一番思い出に残っている大会はやはり2010年の東京世界柔道選手権大会です。

66kg級から73kg級に階級を変更して新たに掴んだ代表権でしたし、その過程では度重なる怪我と減量に苦しんだ時期がありました。ホームである東京での開催ということもあり、プレッシャーも相当感じていましたね。

それでも優勝できた瞬間には、「本当に柔道をやめなくて良かった」、「支えてくれた人たちにようやく少し恩返しができた」とほっとしたことを、今でも覚えています。

その他にも、2009年の柔道ワールドカップ・バクーに柔道界のレジェンドである野村忠宏さんと2人で参加したことは、とても貴重で良い経験でしたね。国際大会に2人きりで行くことは滅多にありませんから、これも印象深かったです。

最後のチャンスと決めていたリオデジャネイロ五輪(柔道)

最後のチャンスと決めていたリオデジャネイロ五輪(柔道)

怪我続きでチャンスもあまり多くなかったのですが、リオデジャネイロ五輪(柔道)を最後のチャンスにしようと決めていました。

結局のところ出場は叶わなかったのですが、私の中で本当に可能性がなくなったと感じたのは、2016年2月の柔道グランドスラム・パリ準決勝で、韓国のアン・チャンリム選手に負けてしまったときです。

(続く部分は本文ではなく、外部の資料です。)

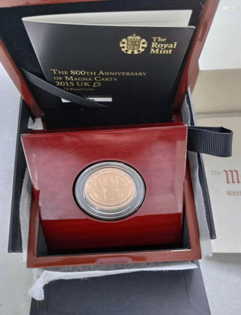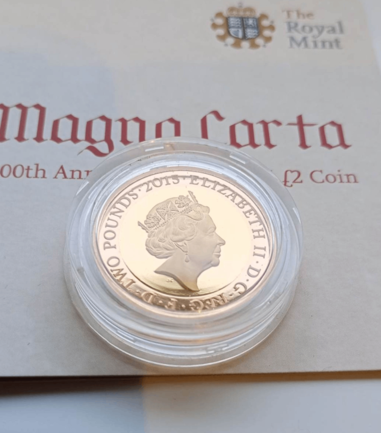 In 2015 The Royal Mint released a Two Pound Proof gold coin - also known as a Double Sovereign - to celebrate the 800th anniversary of the signing of the Magna Carta.

代表に選ばれるためには優勝しなければならないことが分かっていたので、その瞬間に「もうだめだな」と強く感じましたね。それが引退のきっかけです。

引退したからこそ見える景色と今後の展望

引退したからこそ見える景色と今後の展望

了徳寺学園男子柔道部で指導する立場になって、「自分も色んな人に支えられていたんだな」と強く感じるようになりました。

バックアップしてくれるコーチの力はもちろんのこと、選手の立場では感じにくいような見えない力も、そこにはたくさんありました。そういった絶大な力があったからこそ今までやってこられたのだと思うんです。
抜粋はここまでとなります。